Material for this exercise Block Start

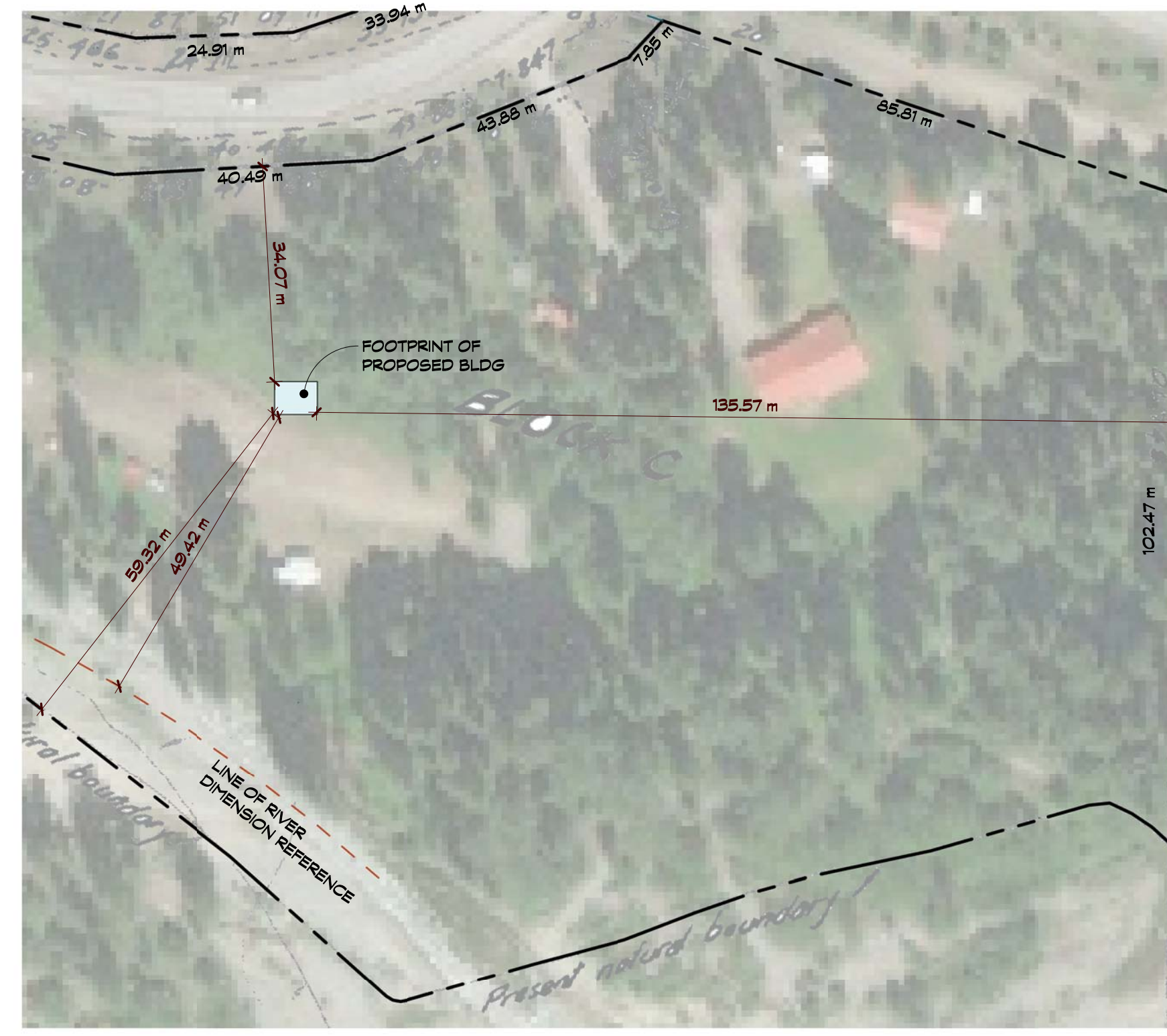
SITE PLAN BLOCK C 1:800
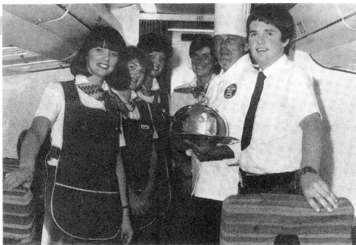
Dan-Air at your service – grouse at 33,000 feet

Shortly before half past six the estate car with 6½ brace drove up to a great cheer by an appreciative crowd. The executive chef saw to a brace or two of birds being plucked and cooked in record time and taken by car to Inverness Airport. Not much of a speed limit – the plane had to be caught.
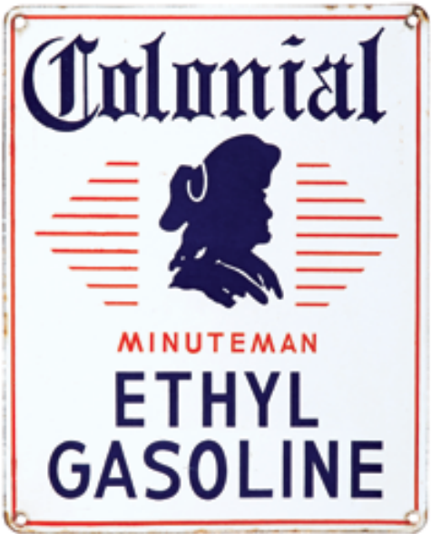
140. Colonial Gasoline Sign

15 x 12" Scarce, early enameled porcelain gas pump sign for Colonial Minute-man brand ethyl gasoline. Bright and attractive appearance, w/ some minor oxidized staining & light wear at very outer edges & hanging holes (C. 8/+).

Material for this exercise Block End

Task requirements: From the records above, pull out every line containing the word "Colonial".

Task response:
140. Colonial Gasoline Sign
15 x 12" Scarce, early enameled porcelain gas pump sign for Colonial Minute-man brand ethyl gasoline. Bright and attractive appearance, w/ some minor oxidized staining & light wear at very outer edges & hanging holes (C. 8/+).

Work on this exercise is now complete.